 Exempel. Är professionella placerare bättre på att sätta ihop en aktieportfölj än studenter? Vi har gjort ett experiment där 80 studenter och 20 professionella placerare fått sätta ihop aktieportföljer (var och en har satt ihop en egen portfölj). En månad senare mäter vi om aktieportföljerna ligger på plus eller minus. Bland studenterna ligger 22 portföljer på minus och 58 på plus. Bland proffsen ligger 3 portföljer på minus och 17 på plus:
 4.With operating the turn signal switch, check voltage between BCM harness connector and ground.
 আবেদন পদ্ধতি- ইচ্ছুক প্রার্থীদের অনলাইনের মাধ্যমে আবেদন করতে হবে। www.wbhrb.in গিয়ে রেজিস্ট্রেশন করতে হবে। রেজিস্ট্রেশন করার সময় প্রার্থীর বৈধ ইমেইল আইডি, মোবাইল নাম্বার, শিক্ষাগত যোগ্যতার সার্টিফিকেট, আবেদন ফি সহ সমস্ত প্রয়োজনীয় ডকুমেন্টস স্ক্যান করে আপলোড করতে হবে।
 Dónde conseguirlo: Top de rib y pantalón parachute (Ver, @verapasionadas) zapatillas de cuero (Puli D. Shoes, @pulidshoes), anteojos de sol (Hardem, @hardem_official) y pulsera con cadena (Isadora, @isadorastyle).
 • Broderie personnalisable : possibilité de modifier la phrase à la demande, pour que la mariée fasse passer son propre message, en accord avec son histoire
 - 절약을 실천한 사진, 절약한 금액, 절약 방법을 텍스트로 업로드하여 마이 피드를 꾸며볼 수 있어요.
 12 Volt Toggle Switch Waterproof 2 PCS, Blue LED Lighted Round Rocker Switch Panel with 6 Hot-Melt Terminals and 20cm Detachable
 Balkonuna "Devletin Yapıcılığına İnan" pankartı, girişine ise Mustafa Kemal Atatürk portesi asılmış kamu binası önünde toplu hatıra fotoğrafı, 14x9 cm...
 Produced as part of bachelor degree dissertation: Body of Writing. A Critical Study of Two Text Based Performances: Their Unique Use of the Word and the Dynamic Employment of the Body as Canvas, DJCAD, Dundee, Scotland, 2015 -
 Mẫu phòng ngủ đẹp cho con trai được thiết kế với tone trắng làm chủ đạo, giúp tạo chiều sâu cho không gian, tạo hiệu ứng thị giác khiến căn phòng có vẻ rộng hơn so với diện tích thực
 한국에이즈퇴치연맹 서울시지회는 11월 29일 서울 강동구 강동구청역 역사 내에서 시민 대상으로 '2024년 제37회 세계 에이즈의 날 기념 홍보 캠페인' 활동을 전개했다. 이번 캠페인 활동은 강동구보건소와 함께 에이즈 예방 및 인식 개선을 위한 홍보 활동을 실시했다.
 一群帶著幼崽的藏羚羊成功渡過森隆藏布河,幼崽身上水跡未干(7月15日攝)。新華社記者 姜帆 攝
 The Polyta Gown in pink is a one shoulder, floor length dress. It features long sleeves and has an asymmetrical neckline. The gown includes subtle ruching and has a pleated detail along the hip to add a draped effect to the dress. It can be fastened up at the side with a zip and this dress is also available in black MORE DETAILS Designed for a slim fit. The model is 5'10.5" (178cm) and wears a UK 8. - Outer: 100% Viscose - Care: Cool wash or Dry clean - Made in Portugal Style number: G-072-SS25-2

++++

Action item →
Out of the data above, set down the lines from the one with "4.With operating the" to the one with "avec son histoire", both included, exactly as written and with no additions.

Answer section →
 4.With operating the turn signal switch, check voltage between BCM harness connector and ground.
 আবেদন পদ্ধতি- ইচ্ছুক প্রার্থীদের অনলাইনের মাধ্যমে আবেদন করতে হবে। www.wbhrb.in গিয়ে রেজিস্ট্রেশন করতে হবে। রেজিস্ট্রেশন করার সময় প্রার্থীর বৈধ ইমেইল আইডি, মোবাইল নাম্বার, শিক্ষাগত যোগ্যতার সার্টিফিকেট, আবেদন ফি সহ সমস্ত প্রয়োজনীয় ডকুমেন্টস স্ক্যান করে আপলোড করতে হবে।
 Dónde conseguirlo: Top de rib y pantalón parachute (Ver, @verapasionadas) zapatillas de cuero (Puli D. Shoes, @pulidshoes), anteojos de sol (Hardem, @hardem_official) y pulsera con cadena (Isadora, @isadorastyle).
 • Broderie personnalisable : possibilité de modifier la phrase à la demande, pour que la mariée fasse passer son propre message, en accord avec son histoire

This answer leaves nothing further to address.